Gur-Arie et al. first identify tracts of one-, two-, three- and four-nucleotide patterns in the E. coli genome that might be genuine SSRs. They weed out artifacts from this set in two ways. First they compare against control genomes. These are computer-generated random strings of sequence with the same nucleotide composition as the real E. coli genome. From this experiment they find several thousand mononucleotide repeats of up to eight bases (for example, AAAAAA) and about 2300 trinucleotide repeats (for example GAT) which appear more often in the E. coli genome than expected by chance. A and T appear more often in these repeats than G and C. The putative SSRs were not randomly distributed in the genome. Many appeared in noncoding regions; of these, 50% lay within 200 bases of the start site of a gene. Finally, the authors compare the sequences of 14 SSRs among 23 strains of E. coli. They find four mononucleotide SSRs that vary in length among the strains, some by as many as six bases.

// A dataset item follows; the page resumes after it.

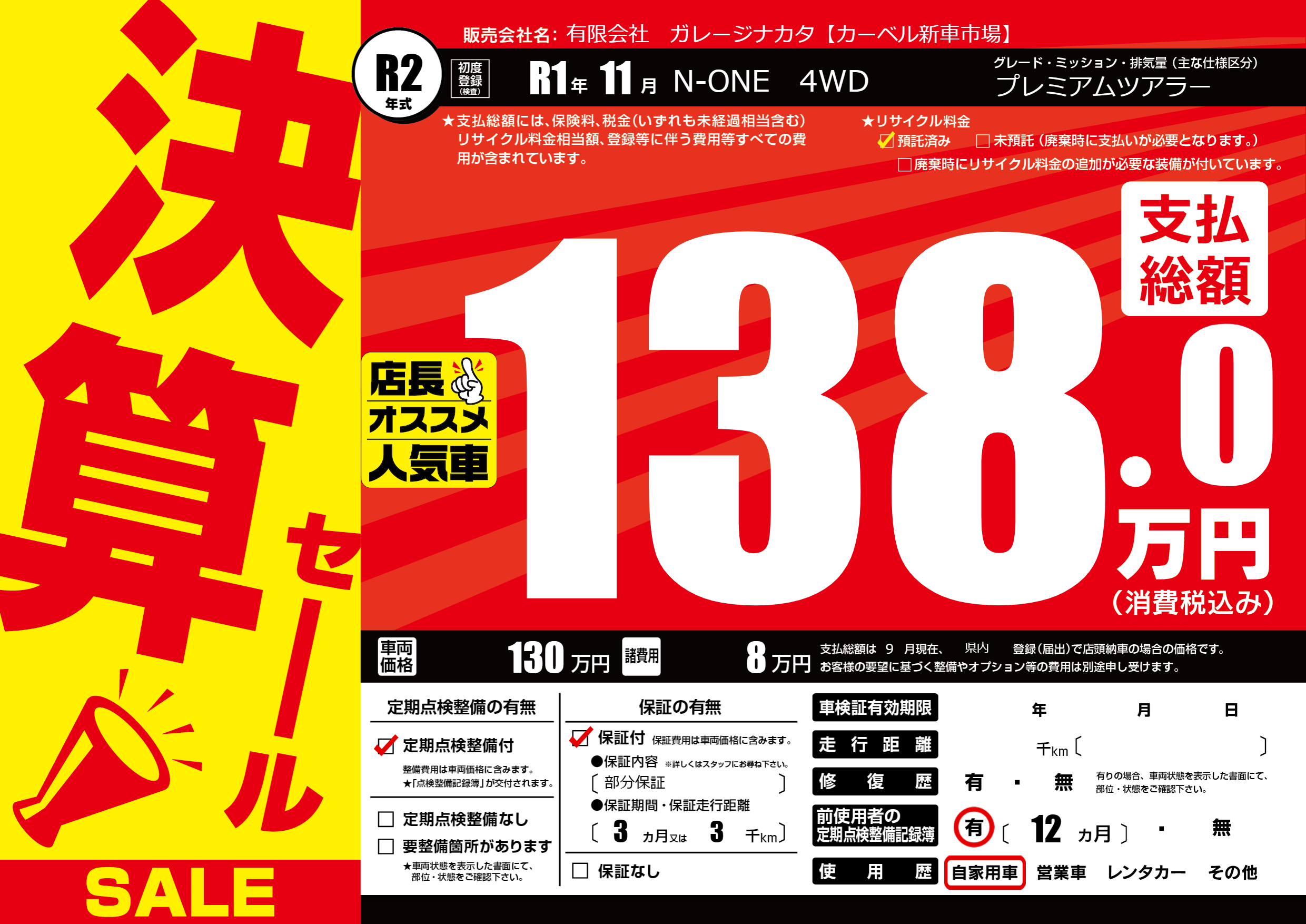| 車名 | N-ONE 4WD | グレード ミッション 排気量 |

The authors' newly developed SSR identifying software is available by FTP (named ssr.exe).
Gur-Arie et al. obtained the E. coli genome from the Escherischia coli WWW homepage.
The authors hypothesize that, as has been found in other organisms, SSRs in E. coli might have a role in the rapid mutation of the regulation of gene expression or histone binding. They postulate that the SSRs they find close to genes are good candidates for such regulators. They also suggest that the polymorphisms they have discovered might be used to make probes to pick out infectious strains of E. coli, for example in screening packaged food for contamination.
The list of new SSRs is a useful starting point for constructing hypotheses to be tested by experiment. Gur-Arie et al. argue that the SSRs they find near gene sequences are biologically important, but this needs to be confirmed by mutational analysis in vitro. Similarly, their polymorphism results might be diagnostically useful as probes to distinguish between E. coli strains, but probes to long repeat sequences can cross-react, so it might be difficult to put this idea into practice.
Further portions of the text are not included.